Facebook’s Libra Losses Key Financial Companies

Facebook’s Libra Losses Key Financial Companies

Facebook’s Libra Losses Key Financial Companies
October 12
13:13 2019

 

Things continue to get worse for the cryptocurrency project launched by Facebook. The tech giant initially planned to have the cryptocurrency network in place by June 2020, but since it officially recognized its plans, a strong wave of regulatory concerns emerged, dampening the prospects for a successful implementation by the above-mentioned date.

The US Congress, Fed’s Chairman Jerome Powell, countries like Germany and France, among others, had expressed their negative feedback on the implications such a project might have on global finances.

Companies exiting the Libra Association

A week ago, PayPal Holdings Inc decided to exit the Switzerland-based company which will be in charge of operating Libra.
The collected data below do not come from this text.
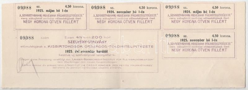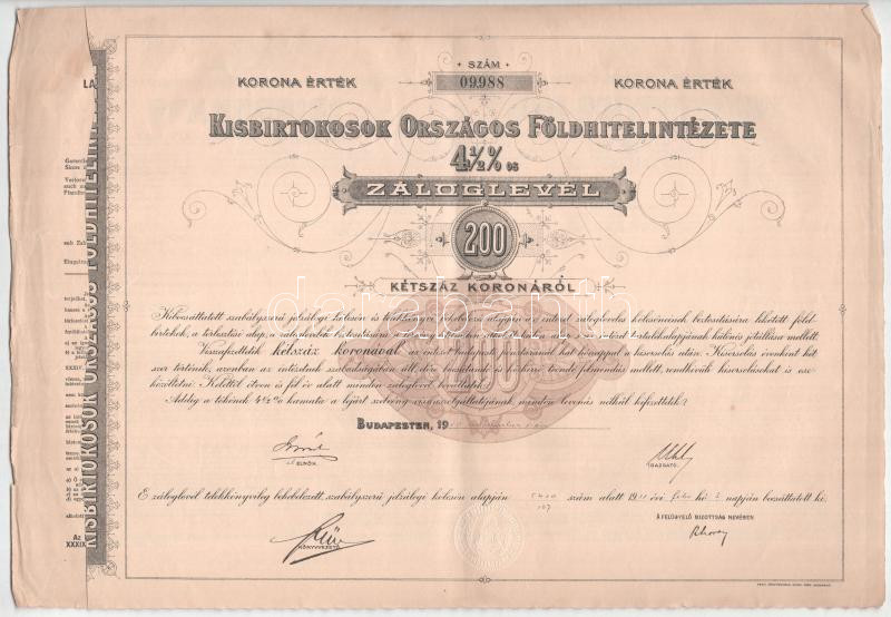 1910. Budapest "Kisbirtokosok Országos Földhitelintézete" 4 1/2%-os záloglevele 200K-ról, magyar, német és francia nyelven, szárazpecséttel, szelvényekkel T:F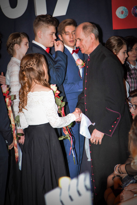 Słowa podziękowań uczniowie skierowali również do dyrekcji, rodziców i nauczycieli, którzy przygotowali ich o przeżycia pierwszego balu młodości: Pana Daniela Lipskiego za przygotowanie poloneza. Pani Iwony Stefaniak i Pani Joanny Różańskiej za naukę walca. Pani Anety Derlak, Pani Anety Franke i Pani Kamili Franke za dekorację sali w niepowtarzalnym klimacie hollywoodzkiej nocy. Pani Anety Derlak, i Pani Marzeny Jędruszczak za przygotowanie część artystycznej.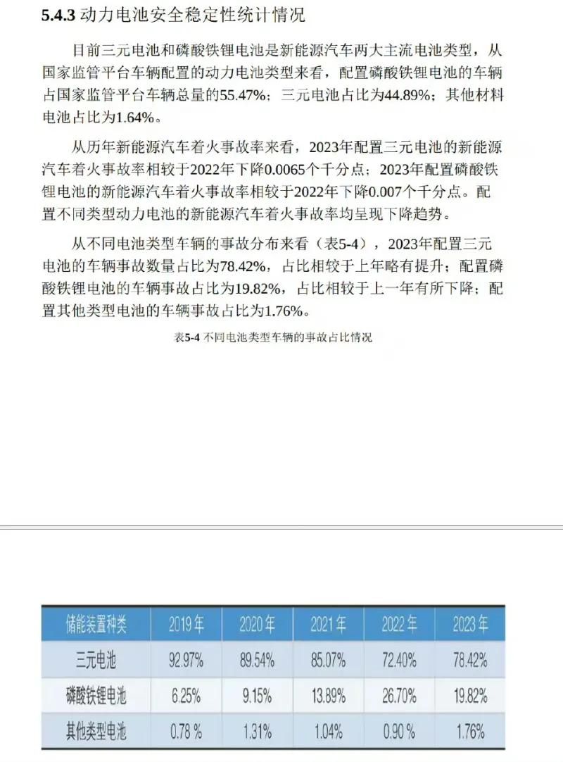 2023年配置三元电池的车辆事故数量占比为78.42%,占比相较于上年略有提升,配置磷酸铁锂电池的车辆事故占比为19.82%,看到差距了吗?在新能源汽车之中占比超过55%的铁锂新能源,起火事故的占比不到20%,其他都是三元锂电池的车烧的,所以在起火概率上,磷酸铁锂电池是远低于三元锂电池,这一点没有疑问吧?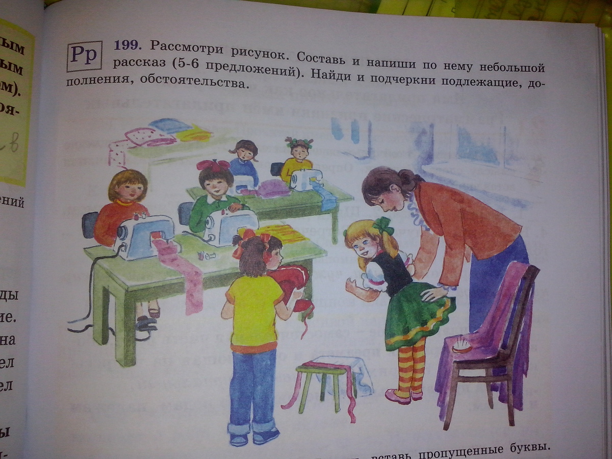Скорее всего, эти шесть девочек пришли на кружок шитья. Им по семь-восемь лет. Четыре девочки шьют с помощью швейное машинки. Одна из них хочет подойди к учителю и показать, какой чепчик она сделала. Другая девочка помяла свою зеленую юбку и учительница предложила ей выпрямить ее.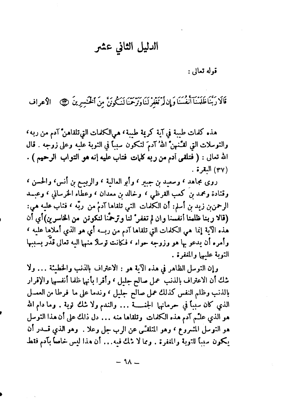 وإن التوسل الظاهر في هذه الآية هو: الاعتراف بالذنب والخطيئة ... ولا شك أن الاعتراف بالذنب عمل صالح جليل وأقرأ بأنهما ظلما أنفسهما والإقرار بالذنب وظلم النفس كذلك عمل صالح جليل وندما على ما فرطا من العمل الذي كان سبباً في حرمانهما الجنة ... والندم ولا شك توبة وما دام الله هو الذي علم آدم هذه الكلمات وتلقاها منه ... دل ذلك على أن هذا التوسل هو التوسل المشروع وهو المتلقى عن الرب جل وعلا وهو الذي قدر أن يكون سبباً في للتوبة والمغفرة ومما لا شك فيه ... أن هذا ليس خاصاً بآدم فقط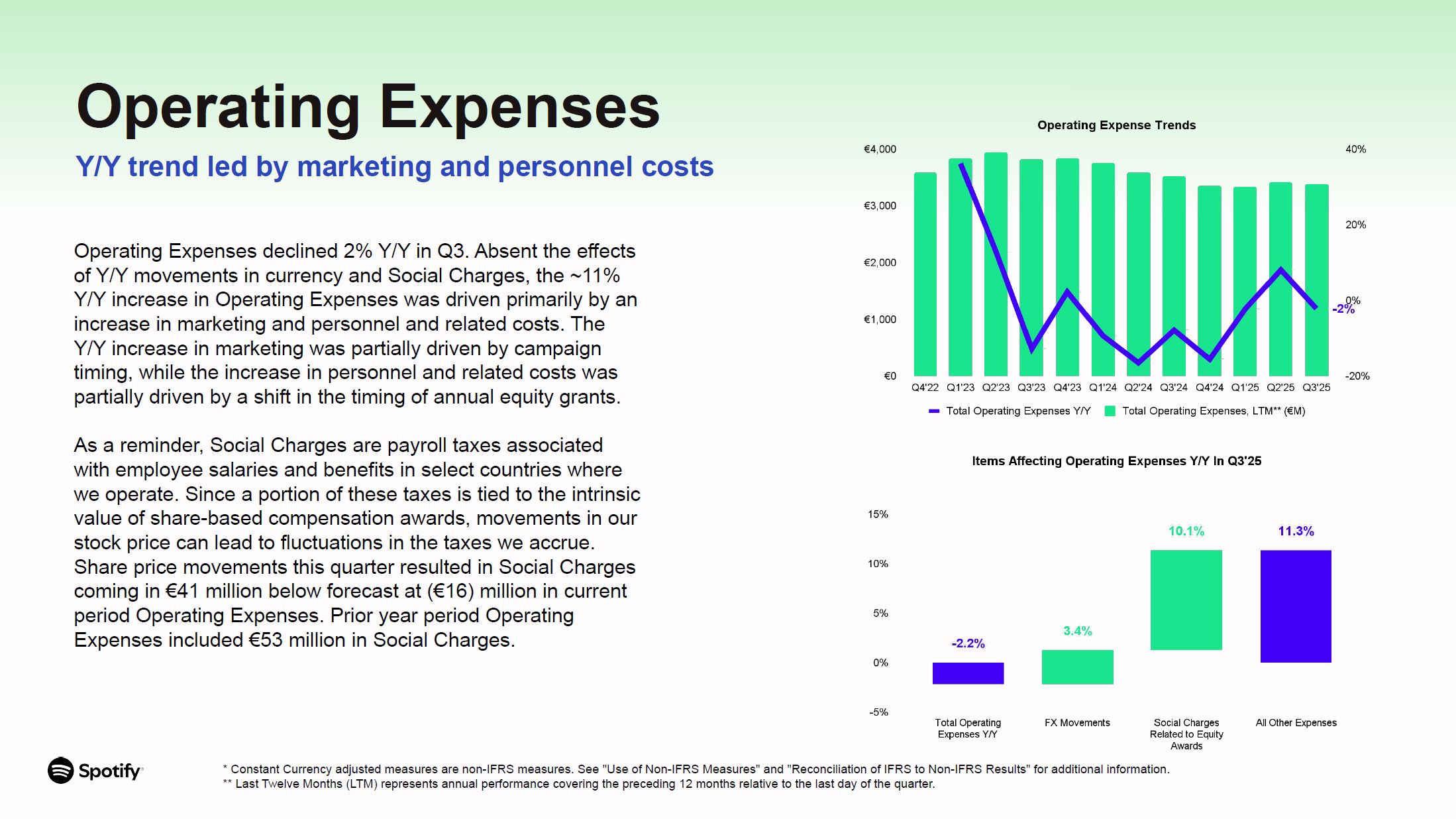 Operating Expenses declined 2% Y/Y in Q3. Absent the effects of Y/Y movements in currency and Social Charges, the ~11% Y/Y increase in Operating Expenses was driven primarily by an increase in marketing and personnel and related costs. The Y/Y increase in marketing was partially driven by campaign timing, while the increase in personnel and related costs was partially driven by a shift in the timing of annual equity grants.  As a reminder, Social Charges are payroll taxes associated with employee salaries and benefits in select countries where we operate. Since a portion of these taxes is tied to the intrinsic value of share-based compensation awards, movements in our stock price can lead to fluctuations in the taxes we accrue.  Share price movements this quarter resulted in Social Charges coming in €41 million below forecast at (€16) million in current period Operating Expenses. Prior year period Operating Expenses included €53 million in Social Charges.  Operating Expenses  Y/Y trend led by marketing and personnel costs  * Constant Currency adjusted measures are non-IFRS measures. See "Use of Non-IFRS Measures" and "Reconciliation of IFRS to Non-IFRS Results" for additional information.  ** Last Twelve Months (LTM) represents annual performance covering the preceding 12 months relative to the last day of the quarter.

Things got even worse on Friday, October 11th, when five other companies decided to do the same.

Mastercard, Visa, eBay, Stripe, and Mercado Pago joined the group and left the Libra Association on Friday afternoon, as the regulatory scrutiny on the project did not ease at all in the past few months. In a public statement released yesterday, Visa gave brief explanations on its latest move:

Visa has decided not to join the Libra Association at this time…We will continue to evaluate and our ultimate decision will be determined by a number of factors, including the Association’s ability to fully satisfy all requisite regulatory expectations.”

David Marcus, Facebook’s head of project and former PayPal executive, acknowledged that “it’s not great news in the short term” and rightfully so, given that Libra lost all major payment companies, which means that it can no longer count on global players in order to help consumers exchange fiat with Libra and vice-versa.

According to a recent Reuters report, a pair of senior Democratic senators wrote to Mastercard, Visa, and Stripe, telling them to be “wary of a project that will foreseeably fuel the growth of global criminal activity”.

It’s hard to figure out how much did this count on the decision to leave the Libra Association, but it’s obvious these payment companies are concerned about the developments from the past few months.

Maybe a global cryptocurrency payment system on social media is a too ambitious project and until Facebook will manage to convince regulators that there is no danger for global finances, Libra seems to be a project put on hold.

The news had not been too positive for cryptocurrencies, since Bitcoin, Ether, XRP, LTC, and other majors ended Friday on the negative. Interestingly,  market participants continue to price in negative events related to Facebook’s project, even though there’s no link with the traditional cryptocurrency market.

As we’ve talked recently, ICOs managed to raise approximately $2 billion during the first half in 2019, with private and retail investors still showing that there are some projects worth investing in.